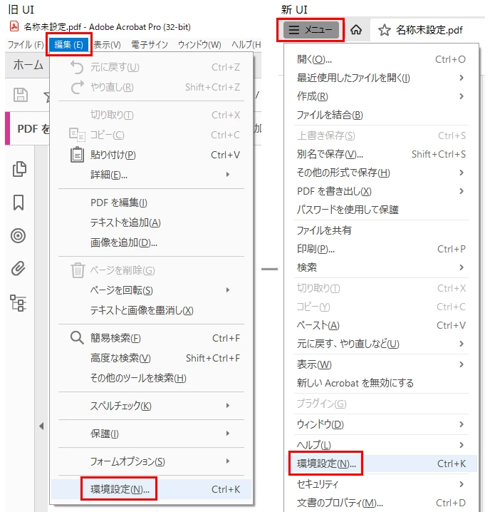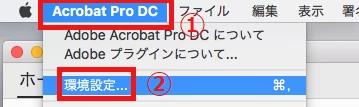 < MacOS の場合> [Acrobat Pro DC] > [環境設定] の順にクリック
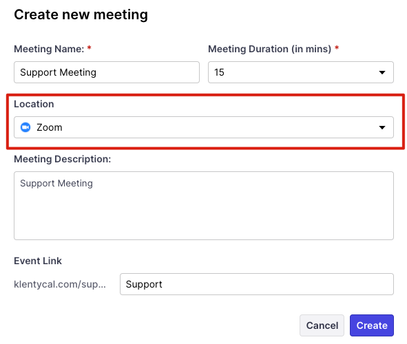 Note: When Zoom is disconnected, you won’t be able to set the meeting location as Zoom.
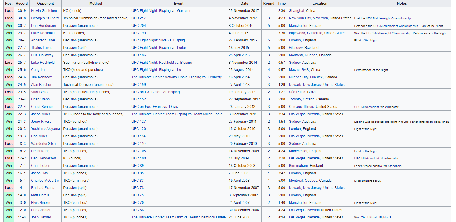 Bisping usually goes on a winning streak but always fell short in title eliminators. He went on to win 4 straight before losing in a title eliminator against Chael Sonnen. Although the fight had great exchanges on the mic since Sonnen and Bisping are known for their trash talks.

★ ★ ★

Instructions to follow:
Your copy should hold exactly the lines from the line containing "Note: When Zoom" through the last line of the listing above, both included, and no pictures.

Output of the task:
 Note: When Zoom is disconnected, you won’t be able to set the meeting location as Zoom.
 Bisping usually goes on a winning streak but always fell short in title eliminators. He went on to win 4 straight before losing in a title eliminator against Chael Sonnen. Although the fight had great exchanges on the mic since Sonnen and Bisping are known for their trash talks.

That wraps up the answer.